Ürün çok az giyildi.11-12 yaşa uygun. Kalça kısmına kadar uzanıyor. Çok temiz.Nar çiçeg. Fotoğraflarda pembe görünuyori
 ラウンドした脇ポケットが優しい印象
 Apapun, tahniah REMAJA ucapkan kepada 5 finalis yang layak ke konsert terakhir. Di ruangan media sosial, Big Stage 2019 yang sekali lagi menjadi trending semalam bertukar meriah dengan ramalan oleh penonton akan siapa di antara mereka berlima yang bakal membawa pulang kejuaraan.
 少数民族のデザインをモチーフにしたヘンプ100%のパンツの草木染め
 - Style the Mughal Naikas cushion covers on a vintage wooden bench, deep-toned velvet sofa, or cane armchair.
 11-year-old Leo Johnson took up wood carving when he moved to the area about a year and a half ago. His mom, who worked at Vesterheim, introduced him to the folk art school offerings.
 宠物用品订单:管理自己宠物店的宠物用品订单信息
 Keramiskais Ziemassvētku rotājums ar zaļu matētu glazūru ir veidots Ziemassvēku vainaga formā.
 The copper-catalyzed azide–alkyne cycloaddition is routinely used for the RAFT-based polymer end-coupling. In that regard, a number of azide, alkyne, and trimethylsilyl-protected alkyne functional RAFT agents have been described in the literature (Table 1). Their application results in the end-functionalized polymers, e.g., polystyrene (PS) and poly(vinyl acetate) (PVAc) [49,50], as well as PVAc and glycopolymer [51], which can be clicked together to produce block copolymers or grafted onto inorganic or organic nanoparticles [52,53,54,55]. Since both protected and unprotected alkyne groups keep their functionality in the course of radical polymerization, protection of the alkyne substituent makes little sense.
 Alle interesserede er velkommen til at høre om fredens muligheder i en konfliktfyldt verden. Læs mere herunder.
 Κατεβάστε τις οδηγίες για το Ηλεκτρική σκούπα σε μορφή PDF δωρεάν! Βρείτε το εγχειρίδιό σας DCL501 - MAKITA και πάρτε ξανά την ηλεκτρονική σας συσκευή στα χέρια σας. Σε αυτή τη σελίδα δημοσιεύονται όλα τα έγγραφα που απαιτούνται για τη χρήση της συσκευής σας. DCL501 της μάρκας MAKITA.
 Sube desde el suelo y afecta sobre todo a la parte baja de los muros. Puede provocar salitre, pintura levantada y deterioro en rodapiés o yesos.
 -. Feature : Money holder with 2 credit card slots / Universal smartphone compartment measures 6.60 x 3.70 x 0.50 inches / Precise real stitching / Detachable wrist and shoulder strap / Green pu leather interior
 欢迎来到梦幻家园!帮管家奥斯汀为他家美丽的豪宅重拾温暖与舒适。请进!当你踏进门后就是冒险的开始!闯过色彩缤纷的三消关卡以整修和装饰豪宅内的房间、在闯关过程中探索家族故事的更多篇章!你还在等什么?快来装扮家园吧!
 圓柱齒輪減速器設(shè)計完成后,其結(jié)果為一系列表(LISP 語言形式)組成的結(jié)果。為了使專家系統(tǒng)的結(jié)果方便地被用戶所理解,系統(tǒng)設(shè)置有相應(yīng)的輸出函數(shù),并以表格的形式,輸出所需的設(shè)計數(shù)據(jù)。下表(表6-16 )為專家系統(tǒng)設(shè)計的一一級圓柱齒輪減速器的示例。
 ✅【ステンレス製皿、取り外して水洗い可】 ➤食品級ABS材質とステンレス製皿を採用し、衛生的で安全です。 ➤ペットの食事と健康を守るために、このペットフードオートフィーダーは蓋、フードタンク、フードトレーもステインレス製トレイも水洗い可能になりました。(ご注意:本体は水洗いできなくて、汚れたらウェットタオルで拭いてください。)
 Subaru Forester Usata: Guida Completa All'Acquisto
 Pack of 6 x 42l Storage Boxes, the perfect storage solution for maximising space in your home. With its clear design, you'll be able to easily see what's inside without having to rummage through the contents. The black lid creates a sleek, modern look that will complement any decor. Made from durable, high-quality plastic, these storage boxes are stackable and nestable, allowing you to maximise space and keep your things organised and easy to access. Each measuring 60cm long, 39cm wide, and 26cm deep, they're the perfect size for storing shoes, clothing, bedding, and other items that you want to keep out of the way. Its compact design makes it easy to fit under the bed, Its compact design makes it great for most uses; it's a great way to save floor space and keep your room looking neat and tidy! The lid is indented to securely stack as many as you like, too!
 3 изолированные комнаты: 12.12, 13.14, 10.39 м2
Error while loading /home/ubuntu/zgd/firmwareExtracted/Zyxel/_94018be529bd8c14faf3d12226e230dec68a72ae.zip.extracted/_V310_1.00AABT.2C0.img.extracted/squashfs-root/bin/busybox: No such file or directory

+===+

■ **What to work on**
Retype the records in full. Keep every line identical to the original.

■ **Response area**
Ürün çok az giyildi.11-12 yaşa uygun. Kalça kısmına kadar uzanıyor. Çok temiz.Nar çiçeg. Fotoğraflarda pembe görünuyori
 ラウンドした脇ポケットが優しい印象
 Apapun, tahniah REMAJA ucapkan kepada 5 finalis yang layak ke konsert terakhir. Di ruangan media sosial, Big Stage 2019 yang sekali lagi menjadi trending semalam bertukar meriah dengan ramalan oleh penonton akan siapa di antara mereka berlima yang bakal membawa pulang kejuaraan.
 少数民族のデザインをモチーフにしたヘンプ100%のパンツの草木染め
 - Style the Mughal Naikas cushion covers on a vintage wooden bench, deep-toned velvet sofa, or cane armchair.
 11-year-old Leo Johnson took up wood carving when he moved to the area about a year and a half ago. His mom, who worked at Vesterheim, introduced him to the folk art school offerings.
 宠物用品订单:管理自己宠物店的宠物用品订单信息
 Keramiskais Ziemassvētku rotājums ar zaļu matētu glazūru ir veidots Ziemassvēku vainaga formā.
 The copper-catalyzed azide–alkyne cycloaddition is routinely used for the RAFT-based polymer end-coupling. In that regard, a number of azide, alkyne, and trimethylsilyl-protected alkyne functional RAFT agents have been described in the literature (Table 1). Their application results in the end-functionalized polymers, e.g., polystyrene (PS) and poly(vinyl acetate) (PVAc) [49,50], as well as PVAc and glycopolymer [51], which can be clicked together to produce block copolymers or grafted onto inorganic or organic nanoparticles [52,53,54,55]. Since both protected and unprotected alkyne groups keep their functionality in the course of radical polymerization, protection of the alkyne substituent makes little sense.
 Alle interesserede er velkommen til at høre om fredens muligheder i en konfliktfyldt verden. Læs mere herunder.
 Κατεβάστε τις οδηγίες για το Ηλεκτρική σκούπα σε μορφή PDF δωρεάν! Βρείτε το εγχειρίδιό σας DCL501 - MAKITA και πάρτε ξανά την ηλεκτρονική σας συσκευή στα χέρια σας. Σε αυτή τη σελίδα δημοσιεύονται όλα τα έγγραφα που απαιτούνται για τη χρήση της συσκευής σας. DCL501 της μάρκας MAKITA.
 Sube desde el suelo y afecta sobre todo a la parte baja de los muros. Puede provocar salitre, pintura levantada y deterioro en rodapiés o yesos.
 -. Feature : Money holder with 2 credit card slots / Universal smartphone compartment measures 6.60 x 3.70 x 0.50 inches / Precise real stitching / Detachable wrist and shoulder strap / Green pu leather interior
 欢迎来到梦幻家园!帮管家奥斯汀为他家美丽的豪宅重拾温暖与舒适。请进!当你踏进门后就是冒险的开始!闯过色彩缤纷的三消关卡以整修和装饰豪宅内的房间、在闯关过程中探索家族故事的更多篇章!你还在等什么?快来装扮家园吧!
 圓柱齒輪減速器設(shè)計完成后,其結(jié)果為一系列表(LISP 語言形式)組成的結(jié)果。為了使專家系統(tǒng)的結(jié)果方便地被用戶所理解,系統(tǒng)設(shè)置有相應(yīng)的輸出函數(shù),并以表格的形式,輸出所需的設(shè)計數(shù)據(jù)。下表(表6-16 )為專家系統(tǒng)設(shè)計的一一級圓柱齒輪減速器的示例。
 ✅【ステンレス製皿、取り外して水洗い可】 ➤食品級ABS材質とステンレス製皿を採用し、衛生的で安全です。 ➤ペットの食事と健康を守るために、このペットフードオートフィーダーは蓋、フードタンク、フードトレーもステインレス製トレイも水洗い可能になりました。(ご注意:本体は水洗いできなくて、汚れたらウェットタオルで拭いてください。)
 Subaru Forester Usata: Guida Completa All'Acquisto
 Pack of 6 x 42l Storage Boxes, the perfect storage solution for maximising space in your home. With its clear design, you'll be able to easily see what's inside without having to rummage through the contents. The black lid creates a sleek, modern look that will complement any decor. Made from durable, high-quality plastic, these storage boxes are stackable and nestable, allowing you to maximise space and keep your things organised and easy to access. Each measuring 60cm long, 39cm wide, and 26cm deep, they're the perfect size for storing shoes, clothing, bedding, and other items that you want to keep out of the way. Its compact design makes it easy to fit under the bed, Its compact design makes it great for most uses; it's a great way to save floor space and keep your room looking neat and tidy! The lid is indented to securely stack as many as you like, too!
 3 изолированные комнаты: 12.12, 13.14, 10.39 м2
Error while loading /home/ubuntu/zgd/firmwareExtracted/Zyxel/_94018be529bd8c14faf3d12226e230dec68a72ae.zip.extracted/_V310_1.00AABT.2C0.img.extracted/squashfs-root/bin/busybox: No such file or directory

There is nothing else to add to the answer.